I’m going to do one more (I think) post on this subject. Markus asked the following about my latest post:
But how do I answer the question for “what’s the coverage of your testing?” for a multiple component-based application, consisting of a C/C++ major component, an application server, and customized business logic?
The answer is sort of in this post, but it’s worth elaboration.
First and foremost, if someone asks “what’s the coverage of your testing”, you can answer in multiple ways. You can say “we’ve tested the requirements”, or “we have an average of 70% line coverage throughout the product”, or “we’ve covered all of the key customer scenarios”. But what you probablyshould ask is, “What do you really want to know?” Explain that “testing coverage” probably isn’t the best way to think about it, and “identifying missing tests” is a better train of thought.
The sample I used was a simple command line app, but we usually test much larger systems, so let me also explain how you could scale code coverage from my previous example to a larger application. The solution I prefer isn’t complex – you just start at a high level, then drill down until you get to something actionable. Let’s say my overall product code coverage is 60%. That tells me that 40% of my code is untested. For the sake of easy math, let’s say the application has a million lines of code. That’s 400,000 untested lines of code. Which ones do we look at first?
Let’s drill down into the four main feature areas of the (fictitious) app.
Feature Area | Priority | Lines of Code | Code Coverage |
UI Controls | 3 | 100,000 | 60% |
Engine | 1 | 400,000 | 60% |
Web Server | 2 | 400,000 | 70% |
Utilities | 4 | 100,000 | 50% |
OK – I notice that the Utilities only have 50% code coverage, but it’s the lowest priority, so I won’t start there. Instead, I’m going to look for testing holes in our pri 1 area (Engine). Let’s dig in again.
Engine Drill Down | Lines of Code | Code Coverage |
Core | 200000 | 60% |
File Access | 75000 | 75% |
Protocols | 50000 | 53% |
Filters | 75000 | 56% |
Protocols are the worst (although we’ll definitely need to look at Filters as well at some point). Digging in further tells us …

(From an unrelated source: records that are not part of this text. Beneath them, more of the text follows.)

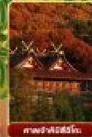
ภาพจำที่ฮิโตะโงะ

🍷 อาหารเช้า 4 คับ 📅 มนทระเปิด 23 ชม x2 🌞 8Days 5Night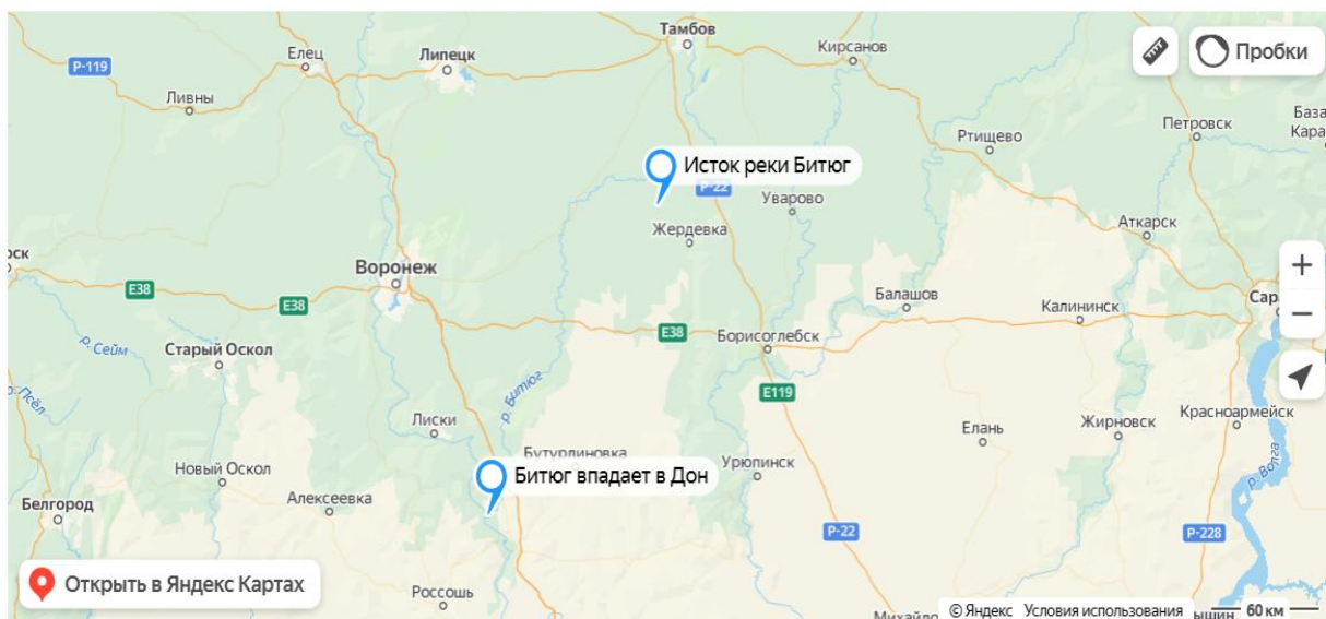
Рисунок 1- Река Битюг на карте

Битюг - это левый приток реки Дон. Протекает по территориям Воронежской, Тамбовской и Липецкой областей. Речка эта популярна среди рыбаков и особенно любителей сплавляться по воде на байдарках. Это и не удивительно - река протекает по живописным просторам области. Река Битюг на карте представлена на рисунке 1.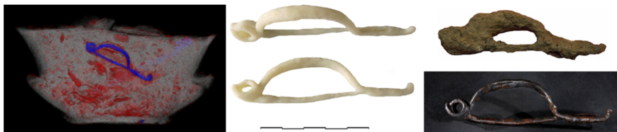
Fig. 4. À gauche, tomodensitométrie de l'urne ©Inrap/Image ET; au centre : Impression 3D de la fibule ©IRISA ; à droite : la fibule réelle avant et après restauration ©Inrap.

En parallèle, les archéologues ont décidé de fouiller l'urne afin d'en extraire la fibule et de la restaurer. La figure 4, à droite, la montre prise dans sa gangue de corrosion (en haut), puis après nettoyage (en bas). La copie obtenue, au centre, est très proche de la fibule restaurée qui, à l'observation, a révélé des marques d'ornement qui n'apparaissent ni sur la copie, ni dans les données obtenues par tomodensitométrie, car la gangue de corrosion empêchait leur détection.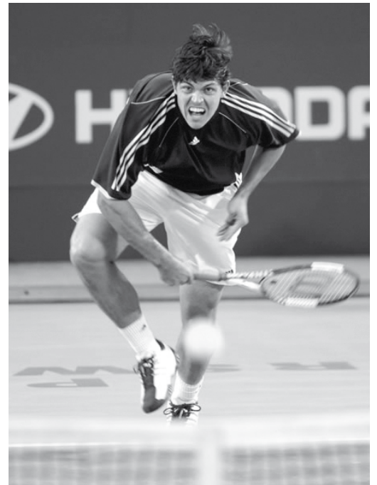
Taylor DENT príde do Perthu obhajovať prvenstvo

Španielsko: Medinová-Garriquesová, Robredo, Česká republika: Šafářová, Berdych, Chorvátsko: Ančičová, Ančič, Víťaz ázijskej kvalifikácie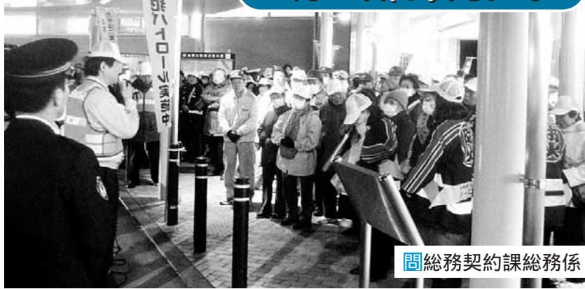
総務契約課総務係

年の瀬にかけ、様々な犯罪が多発するこの時期、稲城市安全・安心まちづくり推進協議会では、多摩中央警察署、防犯協会、自治会、防犯活動ボランティア団体などのご協力をいただき、安全で安心して暮らせるまちづくりを目指し、市内5カ所の会場を起点に「年末市内一斉防犯パトロール」を実施します。 12月17日(水) ※雨天中止 場時下図のとおり 稲城市安全・安心まちづくり推進協議会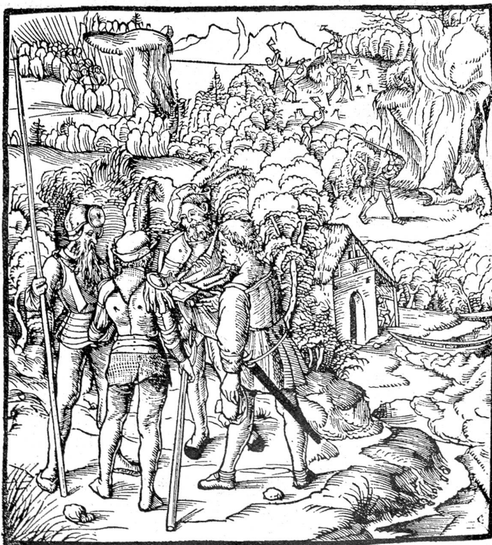
Gründung der Eidgenossenschaft. Nach einem Holzschnitt in Petermann Etterlyns Chronik, Basel 1507.

Ich ließ sie gewähren. Verderben konnten sie nichts. Die Insassen des Car alpin waren lauter Männer, wie ich von meinem Liegeplatz aus sah, und dem Chauffeur traute ich stillschweigend zu, daß er eine Bubenhorde im Zaum zu halten vermochte. Man möge nicht vergessen, daß Chauffeure bei der Jugend als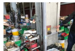
緊急時のシャッター開閉の確認

評価：・消火器の場所の再認識ができた。 ・消火器は使用期限内であることを確認した。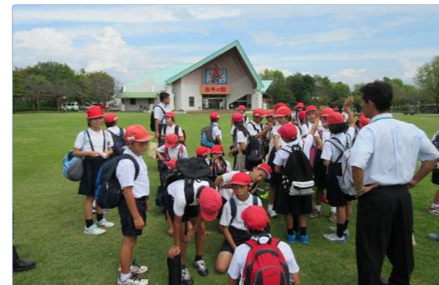
昼ご飯ちゃんと食べたかな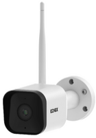
46242.036C - Zusatz-Kamera für Set 46KIT.036C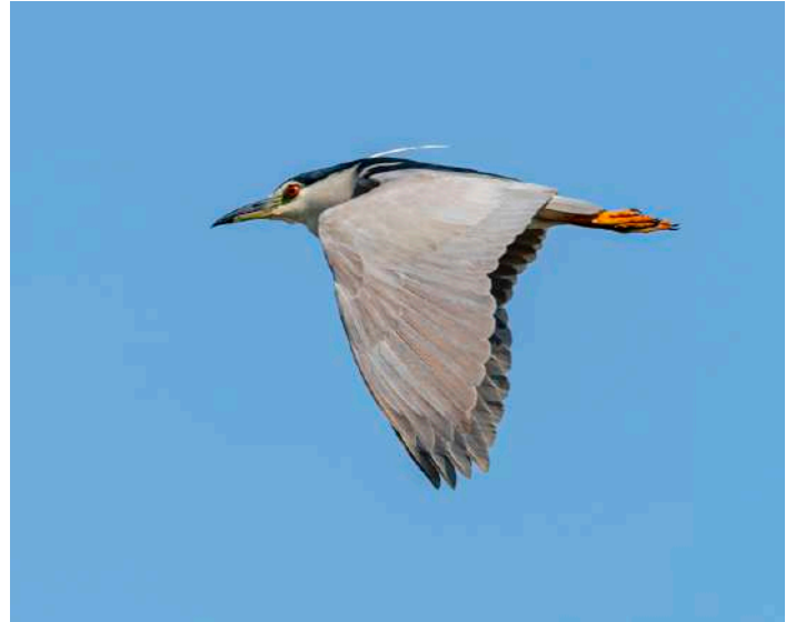
Natthäger.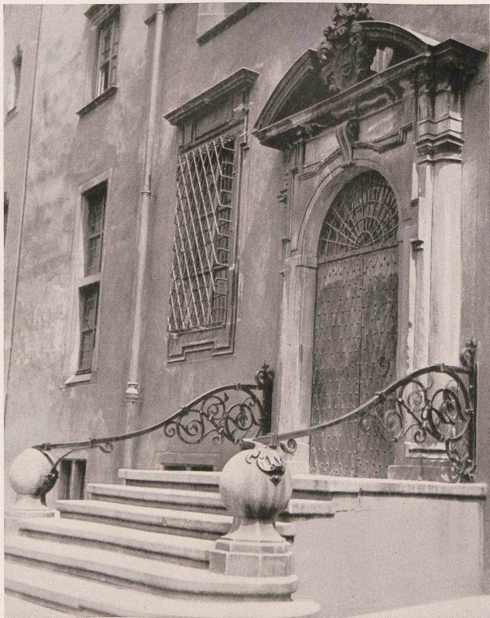
Westportal des Rathauses - ein wenig beachteter Eingang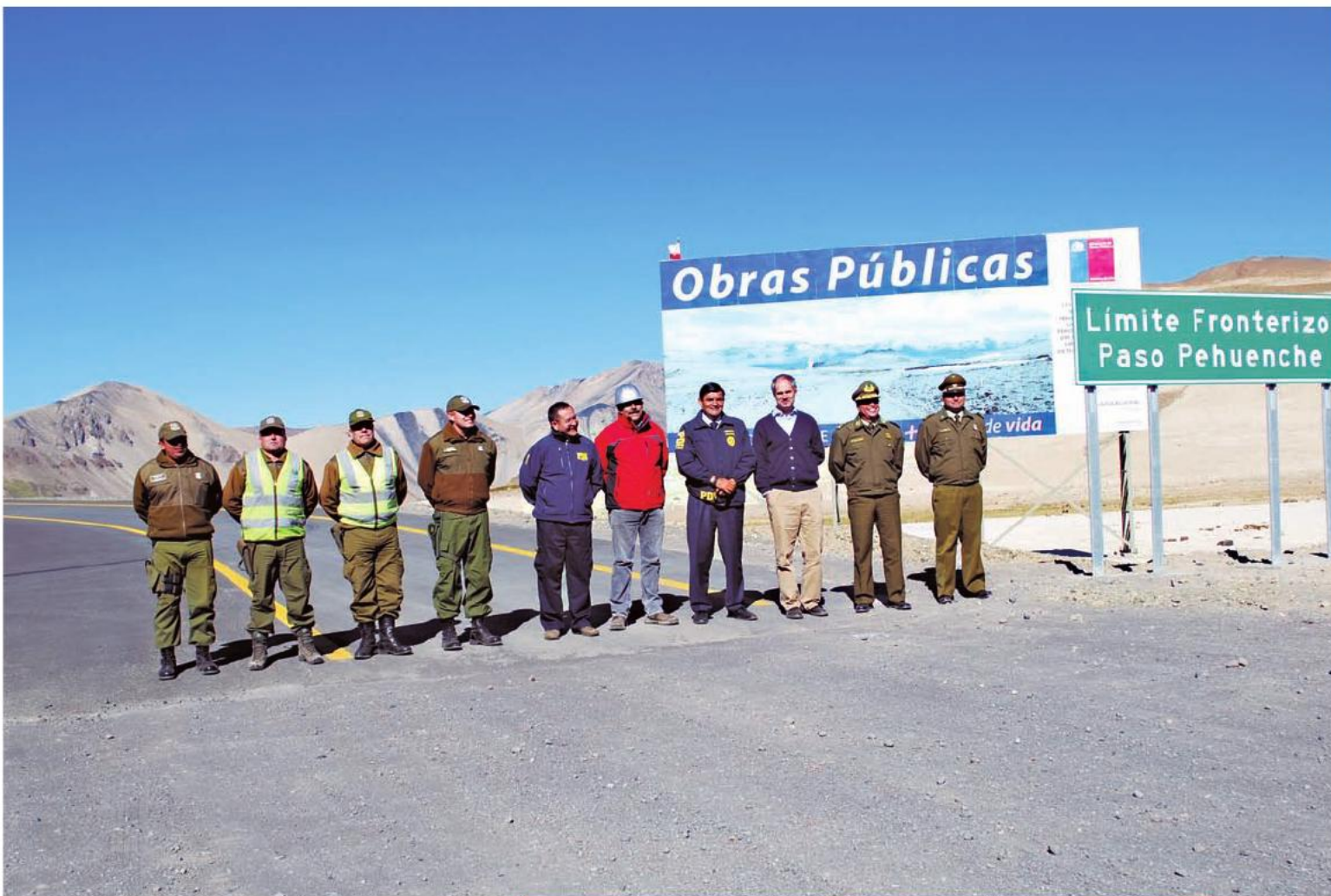
El intendente del Maule, Rodrigo Galilea, visita las obras de pavimentación de la Ruta 115-CH, Paso Internacional Pehuenche. 5 de abril de 2013.

En el mismo ámbito de infraestructura vial urbana, en enero de 2014 se entregaron los trabajos de mejoramiento vial del Par 6-8 Sur de Talca, iniciativa que consideró una inversión cercana a los siete mil millones de pesos y que permitió dar alternativas de movilidad y transporte a toda la gente que vive al sur de la ciudad.

Protocols Drill Down | Lines of Code | Code Coverage |
XML Transform | 20000 | 80% |
Format Codes | 10000 | 55% |
Models | 20000 | 40% |
Looking like I’m missing test cases for Models…
Models Drill Down | Lines of Code | Code Coverage |
File1.cpp | 1000 | 5% |
File2.cpp | 1000 | 70% |
File3.cpp | 2000 | 70% |
File4.cpp | 500 | 60% |
File5.cpp | 500 | 60% |
oh wow – I’ve barely tested the functionality in one of the files (File1.cpp). One step deeper confirms the story.
File1.cpp Drill Down | Code Coverage |
SomeFunc | 10% |
SomeOtherFunc | 0% |
SomePeculiarFunc | 0% |
ImportantFunc | 3% |
From here, I’d look at each of the functions in this file and see what testing I’m missing that may help me hit this code. Once again, all I’ve done is used the code coverage data to guide my testing. Once I’ve looked at what I may be missing in File1.cpp, I may back out and look at Format Codes, or I may back all the way back to looking at Filters. I still use my knowledge of risk and priority to tell me where to investigate, then use the coverage data as a tool to help guide me in the right direction.
An important thing to reiterate, is that I’m still not concerned with improving the code coverage number – I just want to use the data to see what I’m missing. Sure, the number will go up anyway, but it’s not the point. The point is reducing risk by identifying missing test areas.